Un vieil homme, dans un décors d'intérieur cosi, attend la mort. Ce court métrage frappe part sa direction artistique soignée et tout en symboles, à commencer par la présence dans quasiment tous les plans de peaux aux murs, ou d'animaux empaillés, presque à l'image du personnage lui-même, enfermé dans son quotidien muséifié. Lent, répétitif, ce récit de l'ennui réussit à déranger, lorsque par exemple l'homme lustre son propre cercueil ou avec sa scène de fin. Le son, fait de grillons et bruits de frigo, a également une importance fondamentale dans la création d'une ambiance singulière qui vire au malsain.

I HEAR YOUR SCREAM
Niveau -1

Plan fixe à contre jour, sur un homme assis sur une chaise, devant une maison. Dans la pénombre, on suit la sonorité de la scène: lamentations, puis chants lors de la sortie du cercueil en procession. Lenteur assumée, minimalisme, il y a là tout du film d'auteur extrémiste... ou du fainéant sans grande idée de mise en scène.

Hors compétition: moyen métrage

LES PARADIS PERDUS
Niveau +2

Une jeune fille fuit, dans un Paris animé par les sirènes d'un Mai 68 tourmenté. A son arrivée, sa mère et son père décident de l'emmener de force à la campagne.
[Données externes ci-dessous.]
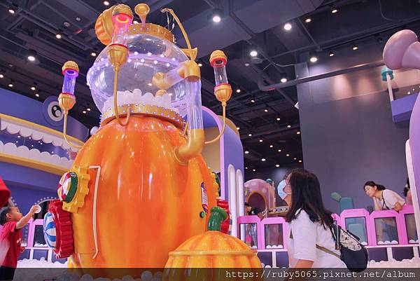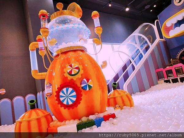 魔法南瓜噴球機 將代表歡樂的球送進去接收器裡,然後倒數5、4、3、2、1 能源撒下的那一瞬間,孩子們被小球淋浴超級開心的!!
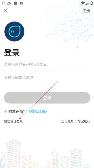 3、在登录页,点击【短信验证登录】,切换到短信登录的信息填写页。

Entre les cinq première minutes du film, caméra furtive, image sombre, et la suite, dans une campagne lumineuse, calme, le contraste est fort. Le décalage se transmet alors au niveau des dialogues, chaotiques et enflammés, entre une fille effervescente et une mère sourde à sa jeunesse. La révolte fait peur. Posé, le film bascule vers la fin de par une surprenante révélation, qui permet intelligemment de poser la question de la décence et de la rébellion face à une société qui n'accepte pas les marges ni l'évolution des moeurs. Surprenant.